I'd imagine that every Commando on the planet has had the main bearings replaced by now so it should have a "Superblend" bottom end. Typical Norton engineering......fit barrel shaped rollers to allow the crank to flex.

As for the other stuff, yes you're correct. Again, the electric start, left foot gearchange and rear disc brake were introduced with the MkIII. By MkIIA, they'd become a bit wheezy and restricted. An early 750 is actually a more exciting ride.

Blackal
21-03-07, 18:44
Have a trawl through the Norton Owners Club:

Nortons'R'Us (http://www.nortonownersclub.org/)

They were (and still are) stunning bikes, but I don't think I could get used to the brake/gear anomaly (or kick-starts on a high compression engine :blast )

On the plus side:

a) The sound from the exhausts (more like a pipe for the engine to shout down)

b) The wiring loom can be drawn on the back of a fag packet.


Mate of mine has a Dunstall Norton from the US (apparently raced there) - starts every time :thumb2

Al :D

Rob Farmer
21-03-07, 18:50
One of my favourite bikes :cool:

I think the guys have pretty much summed it up. The gearbox bearing is quite strange when it's on its way out. The kickstart slowly works its way down as you ride along :eek The 750 was the better engine but the frames/handling got better on the later bikes, apparently, the 850 motor only came about to suit the Yanks who wanted bigger cc engines :rolleyes:

There are some really badly fitted belt drive conversions, once fitted it's difficult to go back to chain.

Cracking bikes though. You will forgive them anything once you hear that exhaust, especially if its a well sorted 750 :cool:

cookie
21-03-07, 18:56
Classic Bike Commando "Dossier" here (http://www.classicbike.co.uk/pdf/618/217929.pdf)

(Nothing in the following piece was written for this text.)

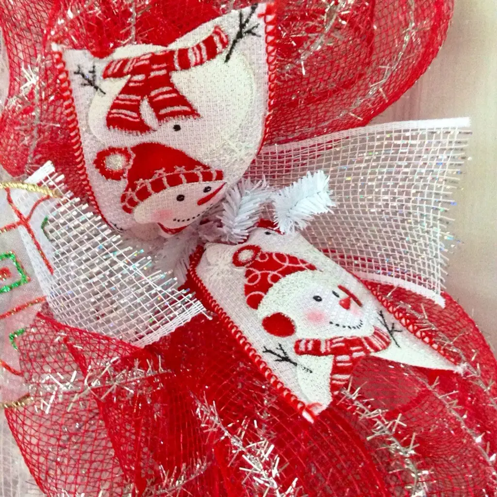 New! Large, Premium, Full Handmade holiday Wreath. The outer ring is made of beautiful, bright red deco mesh with silver tinsel lines. The tinsel has a fuzzy texture. White iridescent mesh ribbons surround the exterior along with adorable, snowman ribbons. The inner ring is made of iridescent snowball white deco mesh with sheer white ribbons decorated with green and red diamonds. Large, glittering Elf Stocking rests in the center of the wreath. Stocking is decorated in red and white Candy cane stripes and green glitter. It is stuffed with a Christmas tree and gift with large gold bow. Size is a large 24 inch diameter and 6 inch depth. Please see photo for size comparison.

everything you'll need to know i suspect :)

ELIMINATOR
21-03-07, 19:15
Thanks for the advice chaps, especially you Cookie, I've just read it all.

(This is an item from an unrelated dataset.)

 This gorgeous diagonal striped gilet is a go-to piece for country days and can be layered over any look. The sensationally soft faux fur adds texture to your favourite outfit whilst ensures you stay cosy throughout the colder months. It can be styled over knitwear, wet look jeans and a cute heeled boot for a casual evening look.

http://cgi.ebay.co.uk/ws/eBayISAPI.dll?ViewItem&rd=1&item=270100895979&ssPageName=STRK:MEWA:IT&ih=017

What do you think, lives in same town as me. I've got his number, I'll have a look at the weekend. Probably go beyond what I am prepared to pay,,, I think??????????

Current thoughts are that if I don't get on with it, I shouln't lose anything. Sounds like I'm trying to talk myself into it!

xbootie
21-03-07, 19:31
Must admit i have always fancied one too, either a mk2 or mk3, keep us updated as to what you get :thumb

ELIMINATOR
21-03-07, 20:01
NO NO NO.......IF IF IF :nenau

Schtum
21-03-07, 20:14
What do you think, lives in same town as me. I've got his number, I'll have a look at the weekend. Probably go beyond what I am prepared to pay,,, I think??????????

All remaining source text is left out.